Expressive temperature

This is a very niche post documenting a technique I think might be useful to artists — especially musicians — who want to work with material sampled from machine learning systems.

There’s a primer below for people who are intrigued but not steeped in these tools. If you are, ahem, well-steeped, skip directly to the heading Turning the knob. Otherwise, proceed!

A primer on temperature

In machine learning systems designed to generate text or audio, there’s often a final step between the system’s model of the training data and some concrete output that a human can evaluate or enjoy. Technically, this is the sampling of a multinomial distribution, but call it rolling a giant dice, many-many-sided, and also weighted. Weird dice.

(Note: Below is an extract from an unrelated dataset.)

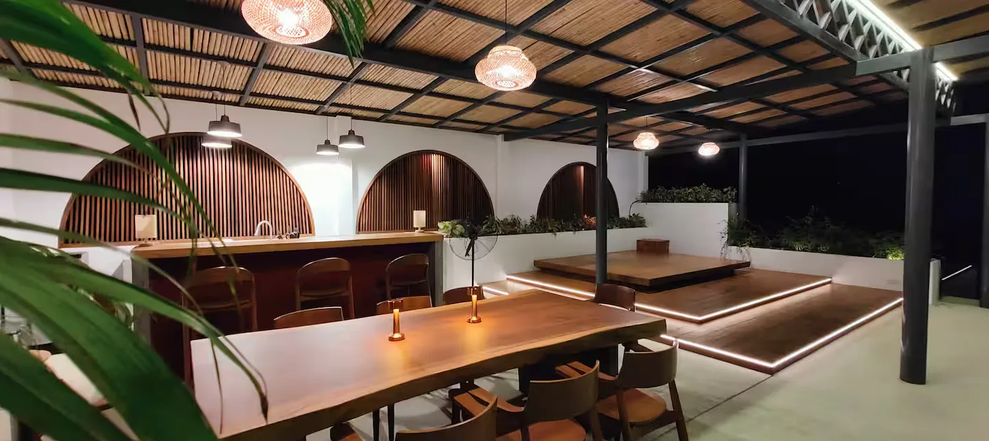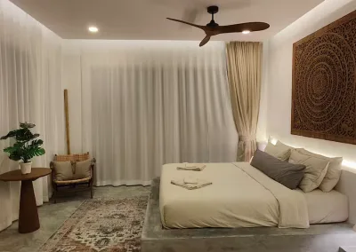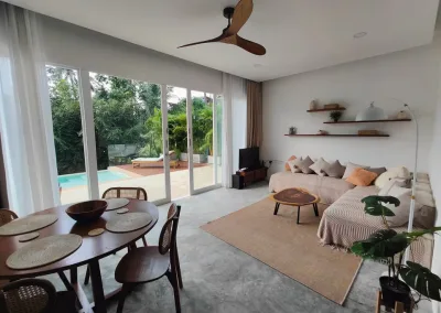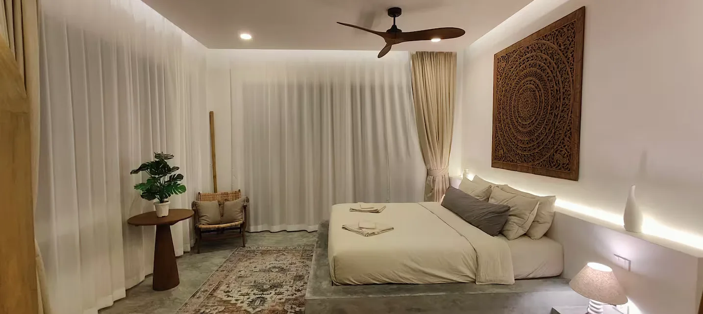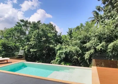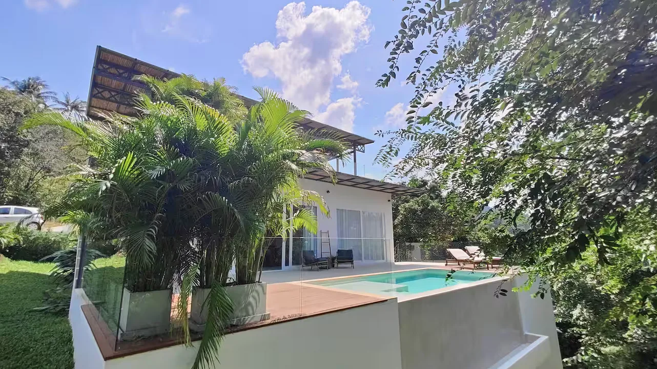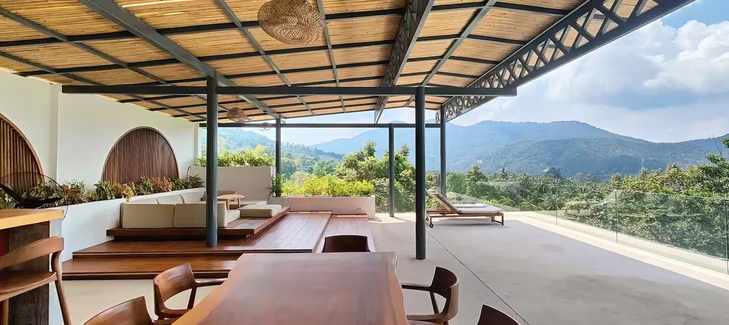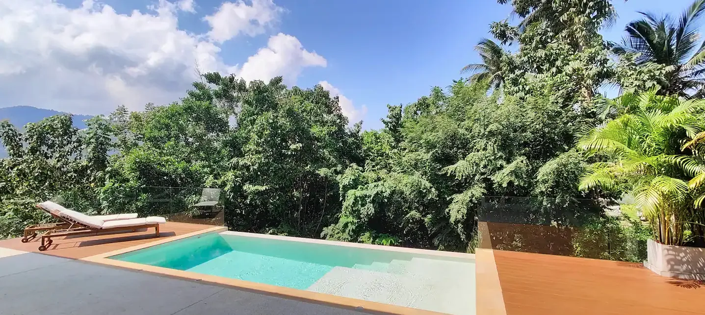 Die Villa verfügt über zwei Schlafzimmer mit jeweils eigenem Bad, einen hellen, offenen Wohnbereich, einen Salzwasserpool und eine Dachterrasse mit herrlichem Meer- und Bergblick über die Bucht. Das zweigeschossige Anwesen besticht durch fließende Übergänge zwischen Innen- und Außenbereich, hochwertige Ausstattung und großzügige Wohnbereiche, darunter eine Dachterrasse, die sich ideal zum Essen, Entspannen oder für unvergessliche Sonnenuntergänge eignet. In einer ruhigen und begehrten Lage in Chaloklum gelegen, ist diese Villa perfekt als privater Wohnsitz, Ferienhaus oder langfristige Kapitalanlage geeignet.

To that final dice roll, there’s a factor applied that is called, by convention, the “sampling temperature.” Its default value is 1.0, which means we roll the weighted dice just as the model has provided it. But we can choose other values, too. We can tamper with the dice.

It’s easiest to understand with examples.

Here’s some text sampled from a model trained on science fiction stories. First, let’s set the sampling temperature to 0.1. The weights get divided by the temperature, so a value less than 1.0 will make heavy weights much heavier — which is to say, more likely — giving us a drone of the training data’s most basic themes:

It was a strange thing. The strange statement was that the state of the planet was a strange state of special problems.

You could sample pages and pages of text sampled at this temperature and you wouldn’t read about much besides planets and strangeness.

By contrast, if we set the temperature to 1.0, we get a nice, surprising sample:

It was here yesterday. There was a double fictional device with crocodile shoulders and phoney oceans and Katchanni.

Katchanni! Okay! You will never, ever find Katchanni at temperature 0.1.

We can crank the sampling temperature up even higher. Remember, we’re dividing, so values above 1.0 mean the weights get smoothed out, making our dice “fairer”—weirder things become possible. At 1.5, the text begins to feel like a pot left unattended on the stove, hissing and rattling:

It was Winstead, my balked, old-fashioned 46 fodetes ratted.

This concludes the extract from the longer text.